----- INPUT DATA -----

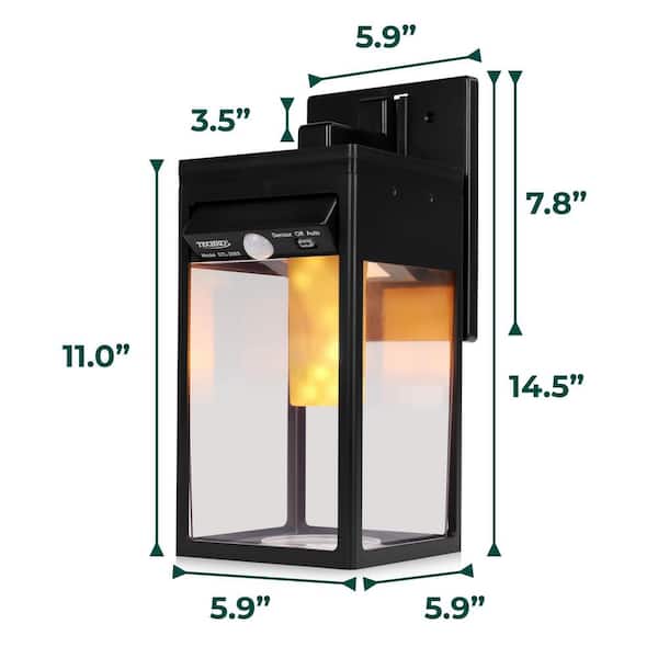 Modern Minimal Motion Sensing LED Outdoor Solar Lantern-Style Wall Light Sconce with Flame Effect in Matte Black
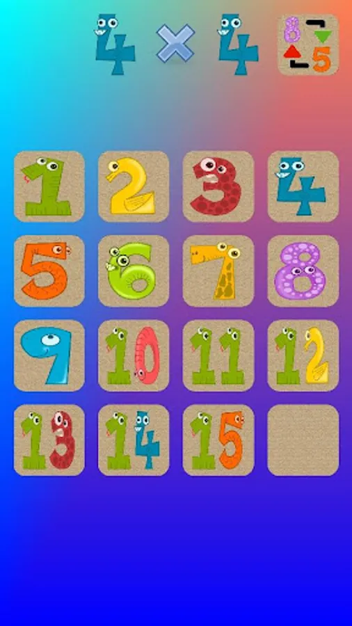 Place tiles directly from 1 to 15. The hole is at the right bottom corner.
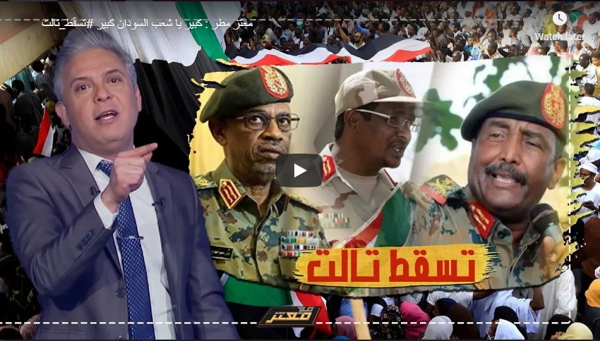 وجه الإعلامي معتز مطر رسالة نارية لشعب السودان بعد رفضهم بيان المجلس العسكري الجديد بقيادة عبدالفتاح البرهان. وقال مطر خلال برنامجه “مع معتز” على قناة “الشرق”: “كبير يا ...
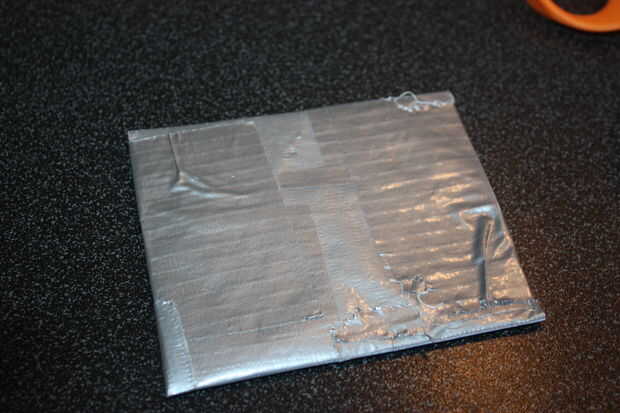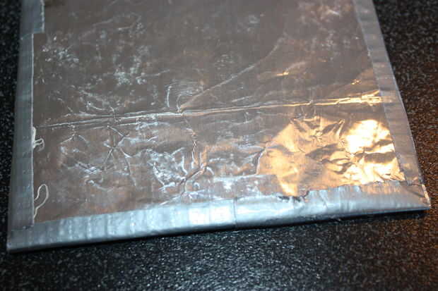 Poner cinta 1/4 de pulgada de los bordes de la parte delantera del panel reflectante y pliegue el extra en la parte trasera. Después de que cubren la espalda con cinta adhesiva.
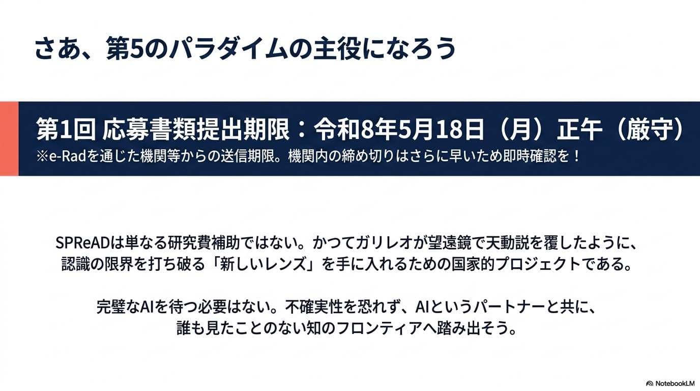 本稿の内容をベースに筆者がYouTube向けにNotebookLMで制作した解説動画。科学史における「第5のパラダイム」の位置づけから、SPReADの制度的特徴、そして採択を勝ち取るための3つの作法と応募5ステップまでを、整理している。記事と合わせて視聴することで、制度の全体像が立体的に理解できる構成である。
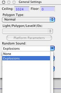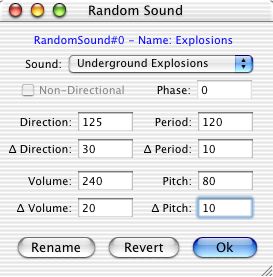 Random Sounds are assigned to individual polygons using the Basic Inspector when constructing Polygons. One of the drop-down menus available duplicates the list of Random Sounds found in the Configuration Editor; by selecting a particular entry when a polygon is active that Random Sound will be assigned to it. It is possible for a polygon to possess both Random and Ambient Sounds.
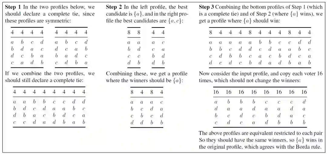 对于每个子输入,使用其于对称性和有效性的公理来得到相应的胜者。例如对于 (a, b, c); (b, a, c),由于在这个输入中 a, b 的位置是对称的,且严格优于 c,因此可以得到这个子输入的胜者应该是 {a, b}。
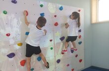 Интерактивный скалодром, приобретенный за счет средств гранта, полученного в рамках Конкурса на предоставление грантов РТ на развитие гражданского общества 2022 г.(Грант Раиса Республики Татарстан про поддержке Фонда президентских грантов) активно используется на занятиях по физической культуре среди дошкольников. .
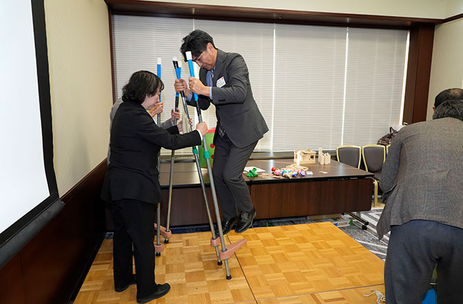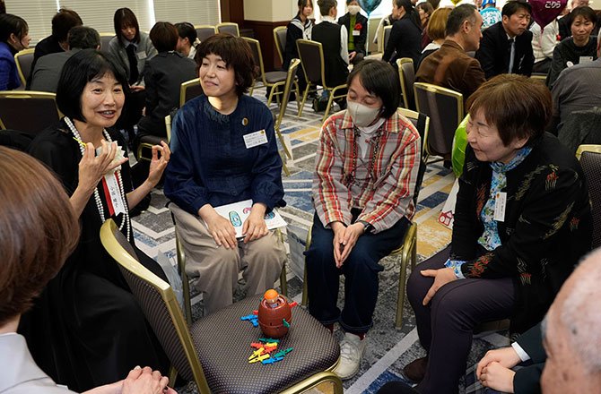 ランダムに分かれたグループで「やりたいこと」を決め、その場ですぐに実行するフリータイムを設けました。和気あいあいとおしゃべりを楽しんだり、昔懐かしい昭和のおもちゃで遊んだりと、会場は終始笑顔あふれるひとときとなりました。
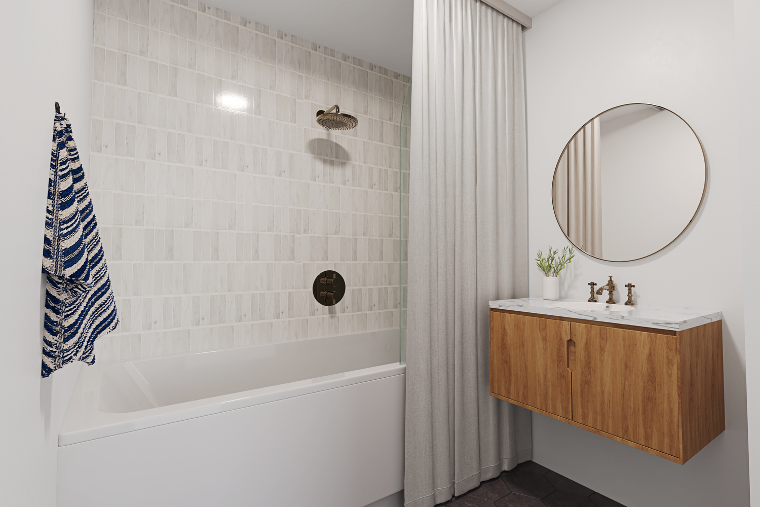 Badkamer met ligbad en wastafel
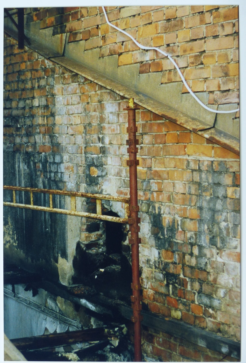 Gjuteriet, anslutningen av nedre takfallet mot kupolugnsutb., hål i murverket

-----

_WHAT YOU ARE ASKED TO DO_
Keep to the stretch from the line containing "Place tiles directly" through the line containing "本稿の内容をベースに筆者がY", both ends included, and copy it exactly from the listing above, minus the pictures.

_ANSWER TO THIS EXERCISE_
 Place tiles directly from 1 to 15. The hole is at the right bottom corner.
 وجه الإعلامي معتز مطر رسالة نارية لشعب السودان بعد رفضهم بيان المجلس العسكري الجديد بقيادة عبدالفتاح البرهان. وقال مطر خلال برنامجه “مع معتز” على قناة “الشرق”: “كبير يا ...
 Poner cinta 1/4 de pulgada de los bordes de la parte delantera del panel reflectante y pliegue el extra en la parte trasera. Después de que cubren la espalda con cinta adhesiva.
 本稿の内容をベースに筆者がYouTube向けにNotebookLMで制作した解説動画。科学史における「第5のパラダイム」の位置づけから、SPReADの制度的特徴、そして採択を勝ち取るための3つの作法と応募5ステップまでを、整理している。記事と合わせて視聴することで、制度の全体像が立体的に理解できる構成である。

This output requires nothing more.